At least five people have been killed in wildfires rampaging around Los Angeles, officials said today, and firefighters have been overwhelmed by the speed and ferocity of multiple blazes, including in Hollywood.
Isabella Ralston, from Christchurch, has been in Los Angeles on holiday with her boyfriend, exploring the city before the fires broke out. She said since the fire started, the city has changed drastically.
“It just looks like a ghost town going through downtown LA, there’s no one out, everything’s shut because of the fire,” she said.
“It’s almost all the mountains surrounding the back of Los Angeles, I think most of them are all up in smoke, and then past that, Malibu, all those hills are covered in fire as well,” she said.
The smell of smoke is everywhere, and air quality is quite bad, Ralston revealed.
“The whole skyline is basically just filled with dark smoke,” she said.
Former West Auckland musician and LA resident Lisa Crawley described in a social media post getting a notification to evacuate and taking off with her computer and cat.
“When I got the notification I knocked on my neighbour’s door and bolted in minutes with my cat and my computer and we went to Studio City where a dear friend set up a spare room.
“There are a few fires three mins drive from her place but they seemed to have died down for now.

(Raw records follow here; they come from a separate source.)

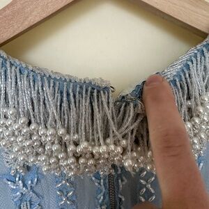 Vtg 60s Hand Beaded Dress Made in Hong Kong Ice Blue Pearl Collar Shift Flawless
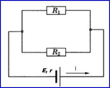 Цепь состоит из источника с ЭДС 7,5В и внутренним сопротивлением 0,3Ом и двух параллельно соединенных резисторов R1=3Ом и R2=2Ом.
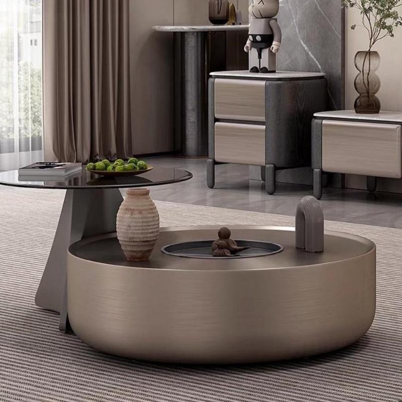 Italian Luxury Round Combination Coffee Table Nordic Living Room Tea Table Small Apartment Glass Coffee Table
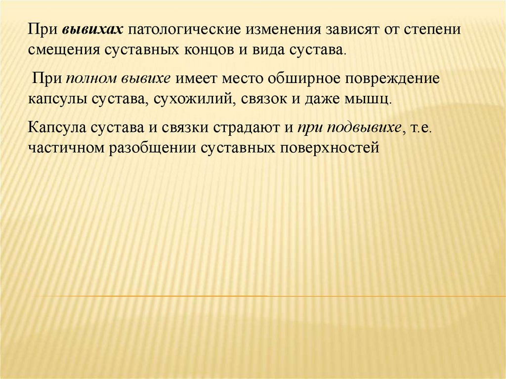 При вывихах патологические изменения зависят от степенисмещения суставных концов и вида сустава.

I doubt I’ll sleep tonight but extremely grateful for safety and everyone who has reached out.”
Los Angeles correspondent Ira Spitzer spoke to Newstalk ZB about the latest on the wildfires.
“This has just been a devastating 48 hours for Los Angeles, and it’s hard to believe it’s only been that long because everything just seems dramatically different.
Spitzer described the images of the fires on both sides of the city as “apocalyptic”.
The Los Angeles County sheriff said he expected the death toll to rise, from the current confirmed 5, as the “extent of the damage becomes clear”.
“The Palisades fire, which is the largest fire burning, has destroyed more than 2000 structures making it the largest fire in LA history.
“It’s a very difficult time.”
Spitzer said firefighters are working “around the clock” but the conditions have been difficult, as the winds spreading the fires have continued.
Up to 1500 buildings have burned in fires that have broken out around America’s second-biggest city, forcing more than 100,000 people from their homes.
Hurricane-force winds whipped up fireballs that leaped from house to house in the upmarket Pacific Palisades area, incinerating a swathe of California’s most desirable real estate favoured by Hollywood celebrities.